- THE TASK: Transcribe the records word for word. Leave every picture out.

Stored records
+ + +
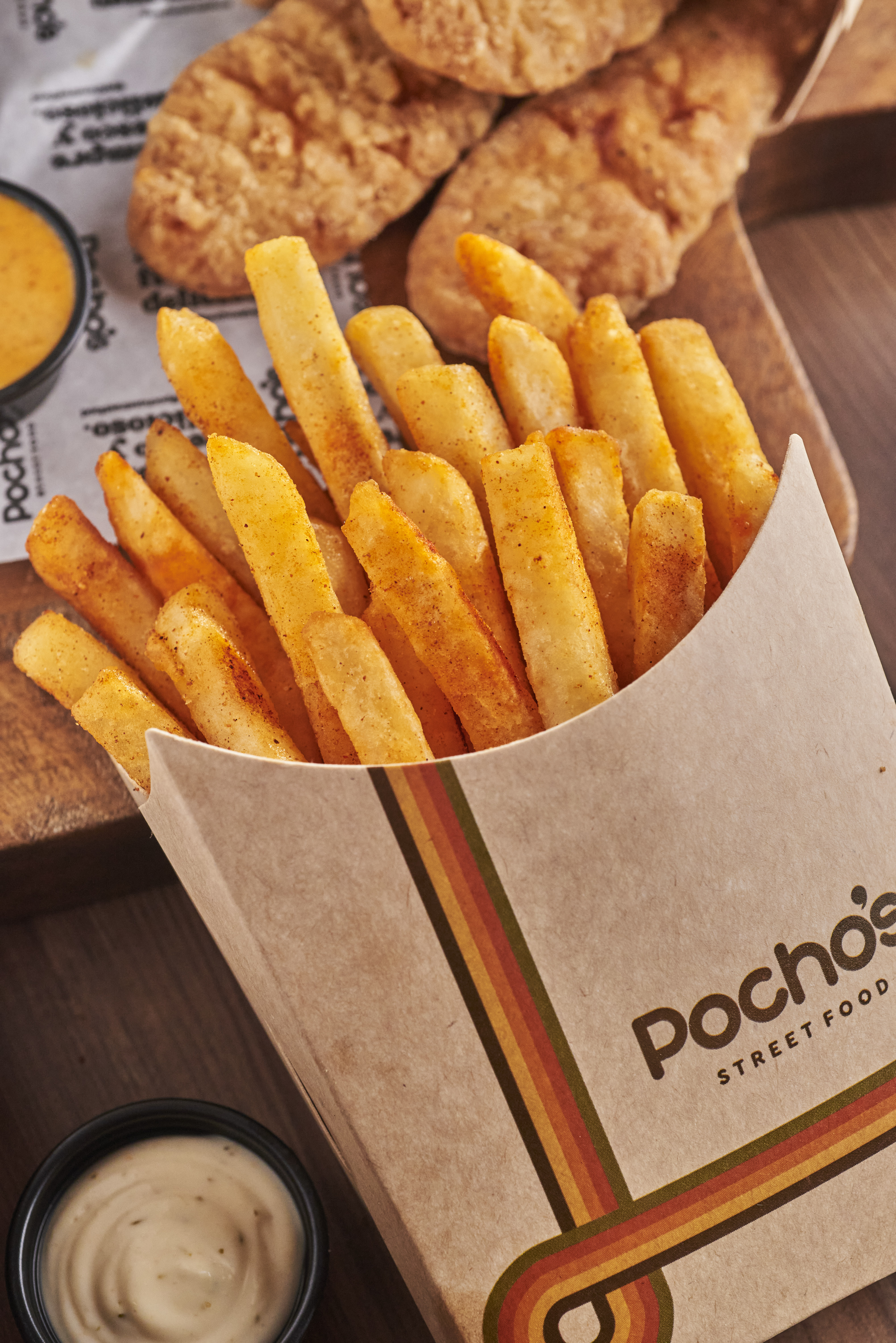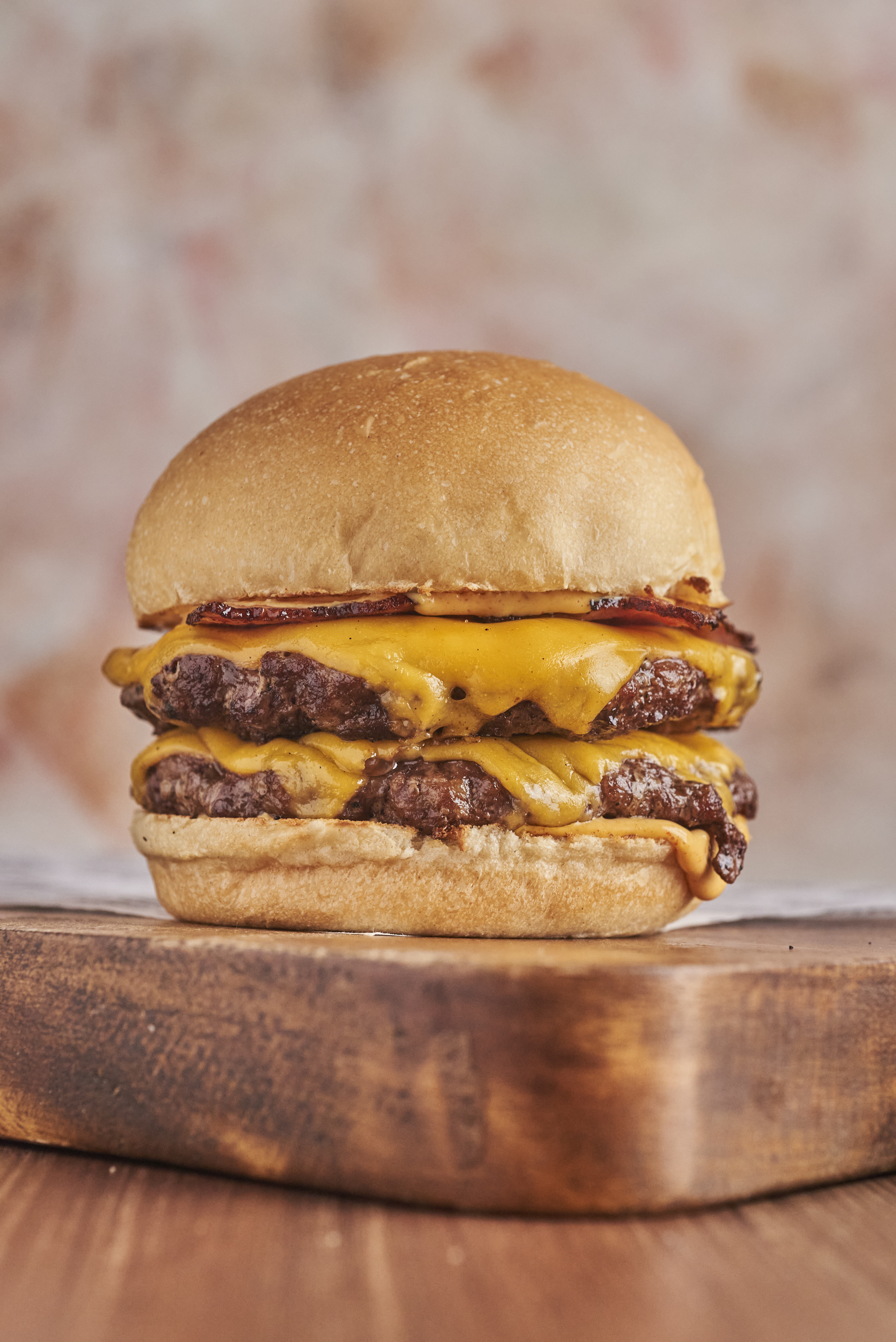 Pan de la casa, doble carne 100% de res, doble tocineta ahumada, doble queso cheedar, verduras frescas y salsa Pocho's.
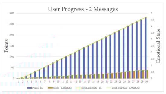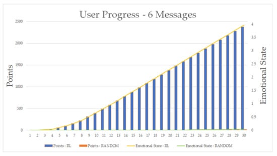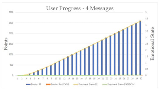 The second scenario (see Figure 10) obtained the second-best results among the three scenarios. In terms of values, the RL approach obtained an average of 2600 points and an emotional state of 4.33 (which corresponds to the excited state). On the other hand, the RANDOM approach obtained an average of 20 points and an emotional state of 0.03 (which corresponds to the sad state).
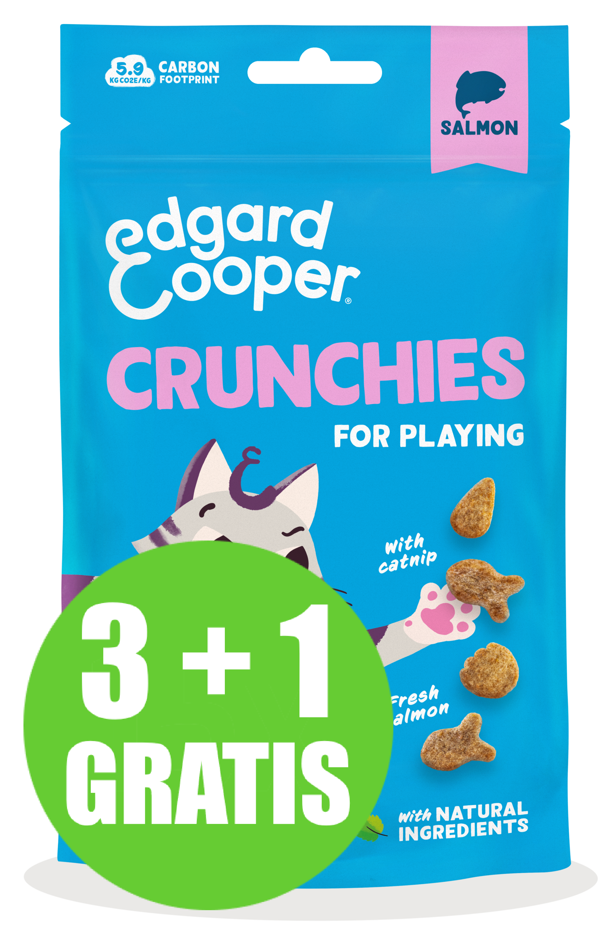 Onze Crunchies zijn gemaakt met lekker verse zalm en natuurlijke ingrediënten - zonder toegevoegde suiker of granen. Ze bestaan in verschillende vormen die nieuwsgierige katten nog nieuwsgieriger maken. En dat vleugje kattenkruid maakt het extra spannend.
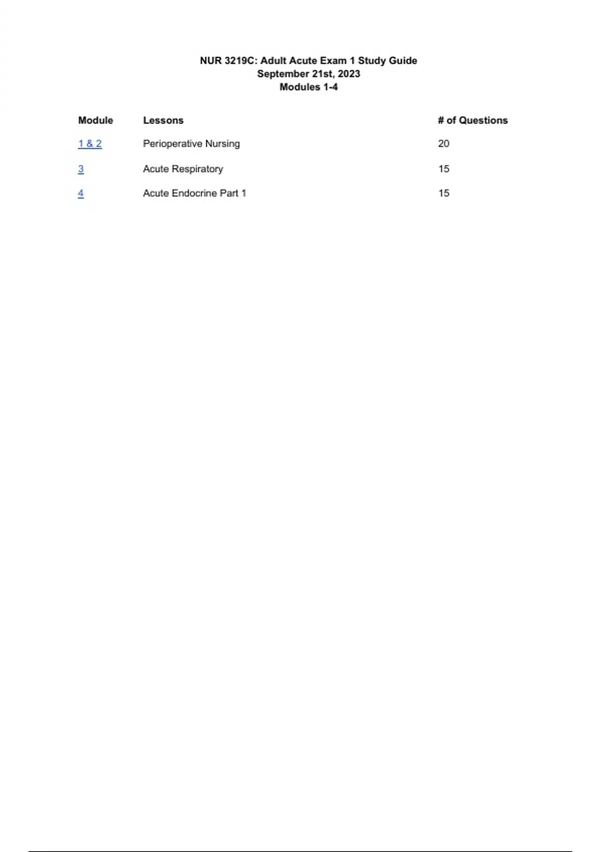 Summary NUR3219C Adult Acute Exam 1 Comprehensive Notes Modules 1-4
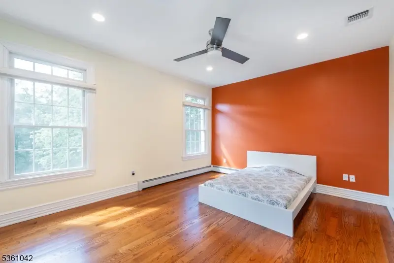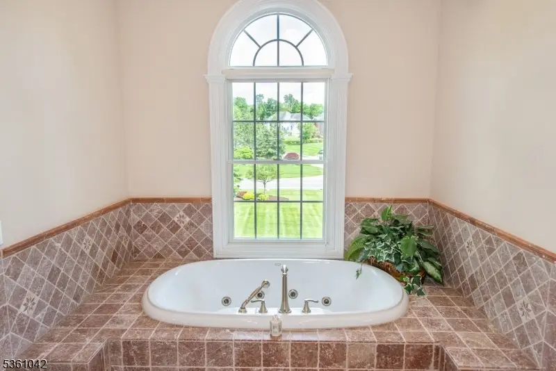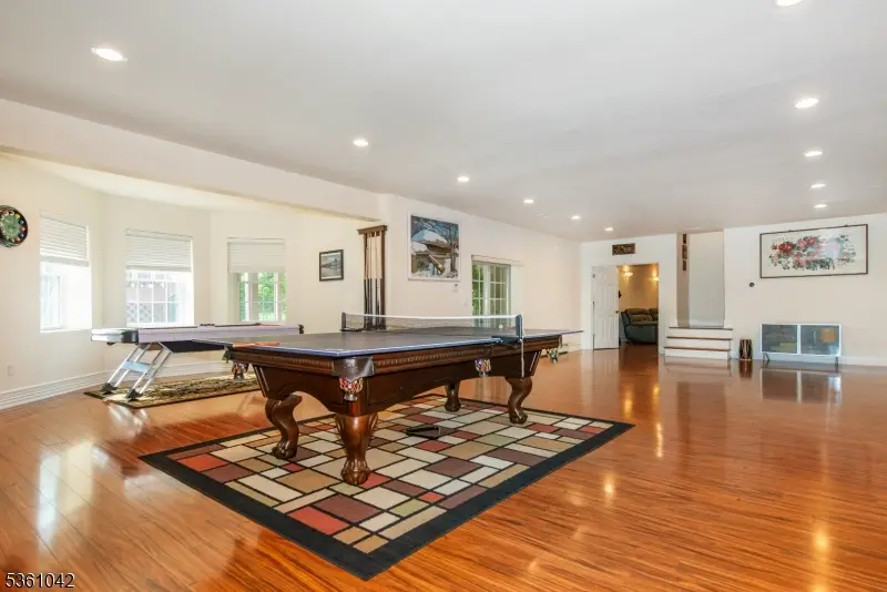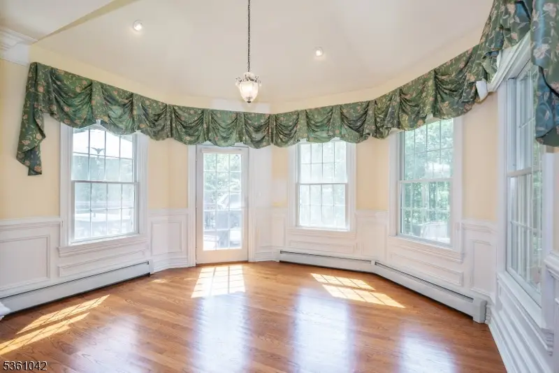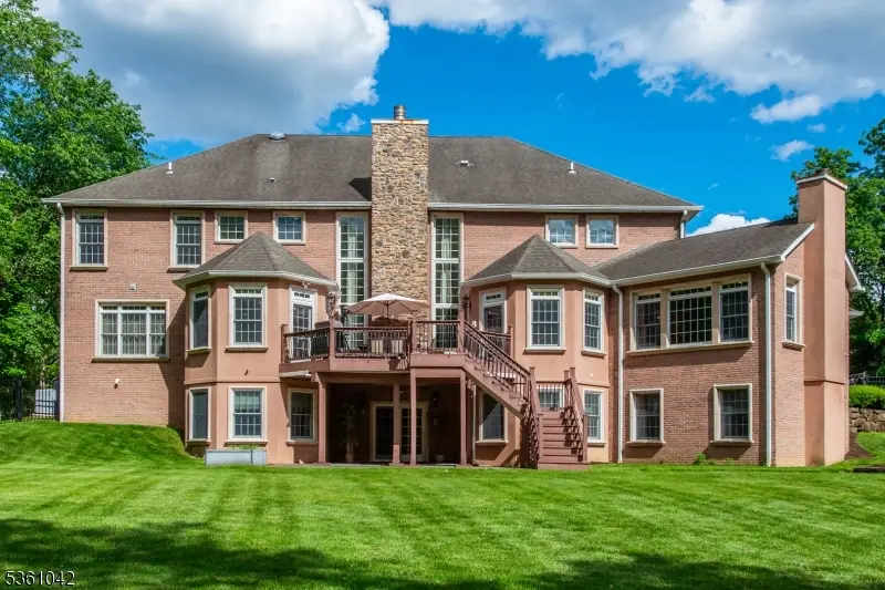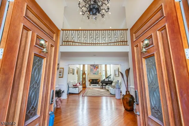 WOW factor! Discover this stunning 6-bedroom, 5.5-bath, 5.6 acre home, featuring a full brick/ stucco exterior, w/solar power, soundproof construction, circular driveway, and a 3-car garage. Built in 2010, this East-facing residence offers luxurious living with 9-foot ceilings on every floor and hardwood floors throughout, including inlaid wood accents. The two-story foyer, with chandelier adds a dramatic touch. The home includes two laundry rooms, spacious kitchen with granite countertops, a Viking 6-burner range, Sub-Zero fridge/freezer, heated tile floors, custom cabinetry, pot filler, large center island with eat-in area and formal dining room.. The family room features fireplace, custom moldings, inlaid wood floors, and coffered ceilings. A two-story living room is adorned with custom moldings, fireplace and an elegant chandelier. Additional den with double French doors and coffered ceiling and 1st fl primary suite with sitting area, walk-in closets and full en suite bathroom. Upstairs, the en suite bedroom includes an attached bath, while two additional bedrooms share a Jack-and-Jill bathroom. The bridge offers access to the 2nd fl primary suite offers high ceilings, hardwood floors, a wet bar, walk-in closet, and a luxurious custom bath with a Jacuzzi tub, double sinks, and a stand-up shower. access to a Trex deck overlooking fenced yard. The finished walkout basement has additional bath, a bedroom (currently a gym), a large rec room, and a home theater room. Four-zone AC/heat.
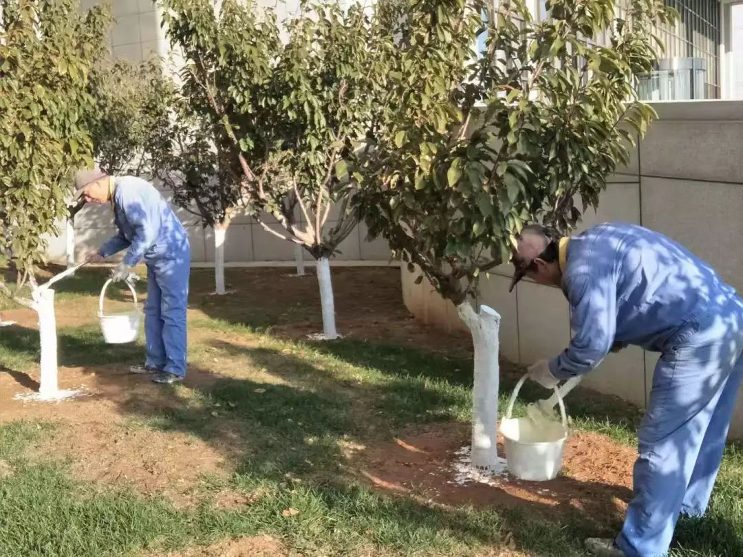 涂白不仅能有效防止冬季花木的冻害,提高花木的抗病能力,而且还能破坏病虫的越冬场所,能起到既防冻又杀虫的双重作用。特别是对在树皮里越冬的螨类、介壳虫等作用更佳。要特别注意的是生石灰一定要充分消解,否则涂到花木枝干上易造成烧伤。涂白时间因地区不同而异,一般以秋末冬初为宜。
+ + +
- SOLUTION TO THIS PROBLEM:
 Pan de la casa, doble carne 100% de res, doble tocineta ahumada, doble queso cheedar, verduras frescas y salsa Pocho's.
 The second scenario (see Figure 10) obtained the second-best results among the three scenarios. In terms of values, the RL approach obtained an average of 2600 points and an emotional state of 4.33 (which corresponds to the excited state). On the other hand, the RANDOM approach obtained an average of 20 points and an emotional state of 0.03 (which corresponds to the sad state).
 Onze Crunchies zijn gemaakt met lekker verse zalm en natuurlijke ingrediënten - zonder toegevoegde suiker of granen. Ze bestaan in verschillende vormen die nieuwsgierige katten nog nieuwsgieriger maken. En dat vleugje kattenkruid maakt het extra spannend.
 Summary NUR3219C Adult Acute Exam 1 Comprehensive Notes Modules 1-4
 WOW factor! Discover this stunning 6-bedroom, 5.5-bath, 5.6 acre home, featuring a full brick/ stucco exterior, w/solar power, soundproof construction, circular driveway, and a 3-car garage. Built in 2010, this East-facing residence offers luxurious living with 9-foot ceilings on every floor and hardwood floors throughout, including inlaid wood accents. The two-story foyer, with chandelier adds a dramatic touch. The home includes two laundry rooms, spacious kitchen with granite countertops, a Viking 6-burner range, Sub-Zero fridge/freezer, heated tile floors, custom cabinetry, pot filler, large center island with eat-in area and formal dining room.. The family room features fireplace, custom moldings, inlaid wood floors, and coffered ceilings. A two-story living room is adorned with custom moldings, fireplace and an elegant chandelier. Additional den with double French doors and coffered ceiling and 1st fl primary suite with sitting area, walk-in closets and full en suite bathroom. Upstairs, the en suite bedroom includes an attached bath, while two additional bedrooms share a Jack-and-Jill bathroom. The bridge offers access to the 2nd fl primary suite offers high ceilings, hardwood floors, a wet bar, walk-in closet, and a luxurious custom bath with a Jacuzzi tub, double sinks, and a stand-up shower. access to a Trex deck overlooking fenced yard. The finished walkout basement has additional bath, a bedroom (currently a gym), a large rec room, and a home theater room. Four-zone AC/heat.
 涂白不仅能有效防止冬季花木的冻害,提高花木的抗病能力,而且还能破坏病虫的越冬场所,能起到既防冻又杀虫的双重作用。特别是对在树皮里越冬的螨类、介壳虫等作用更佳。要特别注意的是生石灰一定要充分消解,否则涂到花木枝干上易造成烧伤。涂白时间因地区不同而异,一般以秋末冬初为宜。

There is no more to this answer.